Many older source control systems, such as RCS and CVS, specifically store differences between versions of files. For example, the information for a given source file might be stored in the repository in a form that includes the full text of the latest version, plus "instructions" for generating earlier version.
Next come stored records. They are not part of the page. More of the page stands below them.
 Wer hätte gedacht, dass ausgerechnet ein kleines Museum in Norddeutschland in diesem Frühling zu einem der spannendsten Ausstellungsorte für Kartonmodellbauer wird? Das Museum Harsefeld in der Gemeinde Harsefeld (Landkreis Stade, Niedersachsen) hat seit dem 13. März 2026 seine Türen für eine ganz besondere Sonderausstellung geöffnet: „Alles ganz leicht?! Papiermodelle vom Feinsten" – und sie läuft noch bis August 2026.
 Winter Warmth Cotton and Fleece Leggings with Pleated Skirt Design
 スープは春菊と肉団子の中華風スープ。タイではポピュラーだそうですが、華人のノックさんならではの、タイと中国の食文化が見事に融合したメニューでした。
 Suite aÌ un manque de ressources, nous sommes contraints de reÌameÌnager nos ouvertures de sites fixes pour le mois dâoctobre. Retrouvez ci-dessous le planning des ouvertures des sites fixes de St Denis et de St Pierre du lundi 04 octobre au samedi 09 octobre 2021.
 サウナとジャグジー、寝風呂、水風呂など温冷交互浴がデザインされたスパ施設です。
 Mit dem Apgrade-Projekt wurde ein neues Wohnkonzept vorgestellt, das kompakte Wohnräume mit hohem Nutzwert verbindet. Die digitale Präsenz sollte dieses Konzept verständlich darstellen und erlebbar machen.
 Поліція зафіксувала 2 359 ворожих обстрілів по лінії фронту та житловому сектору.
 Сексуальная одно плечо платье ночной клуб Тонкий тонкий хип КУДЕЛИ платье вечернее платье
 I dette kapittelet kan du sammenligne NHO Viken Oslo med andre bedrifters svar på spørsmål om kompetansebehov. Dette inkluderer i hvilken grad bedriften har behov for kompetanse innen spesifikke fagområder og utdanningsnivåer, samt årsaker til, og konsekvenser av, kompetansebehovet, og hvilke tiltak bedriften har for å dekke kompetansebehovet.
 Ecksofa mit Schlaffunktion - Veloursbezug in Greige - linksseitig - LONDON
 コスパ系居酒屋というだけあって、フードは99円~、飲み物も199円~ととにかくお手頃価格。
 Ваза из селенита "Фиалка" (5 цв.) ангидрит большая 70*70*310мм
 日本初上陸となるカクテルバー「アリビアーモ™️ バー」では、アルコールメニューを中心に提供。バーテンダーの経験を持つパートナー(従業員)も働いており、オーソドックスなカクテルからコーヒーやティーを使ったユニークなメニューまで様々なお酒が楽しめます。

Git, at least conceptually, stores the entire content of each version of every file in the repository. It saves some space by storing only one copy of identical files, since the name used to store it is determined by hashing the contents.
Obviously if that were the whole story, Git repositories would become very large very quickly. But Git automatically packs, or compresses, stored objects. I frankly don't know all the details, but it does a good job of both minimizing storage space and permitting arbitrary versions to be recreated quickly.
For example, the Git sources are themselves stored in a Git repository, which contains probably thousands of distinct objects. All the versions of all the files are stored under the directory .git/objects/pack
, which currently contains the following (the listing is of a clone on my system):
$ ls -l .git/objects/pack
total 48900
-r--r--r-- 1 kst kst 4196172 Mar 20 15:44 pack-0e69de7b7728ad0fde80423ded259dbff7760016.idx
-r--r--r-- 1 kst kst 36698393 Mar 20 15:44 pack-0e69de7b7728ad0fde80423ded259dbff7760016.pack
-r--r--r-- 1 kst kst 125896 Jun 30 22:17 pack-2848a675d3c196391f06cc7cdd6cebf67fb7119e.idx
-r--r--r-- 1 kst kst 3570770 Jun 30 22:17 pack-2848a675d3c196391f06cc7cdd6cebf67fb7119e.pack
-r--r--r-- 1 kst kst 178452 May 16 08:22 pack-bfd75de39dff6ac03adcc775f7b5715480b54637.idx
-r--r--r-- 1 kst kst 5292998 May 16 08:22 pack-bfd75de39dff6ac03adcc775f7b5715480b54637.pack
What's different about Git compared to earlier systems (at least to the earlier systems I've used) is that, on a high level, all versions of all files in the repository are stored in full, but the compression is provided by a separate layer.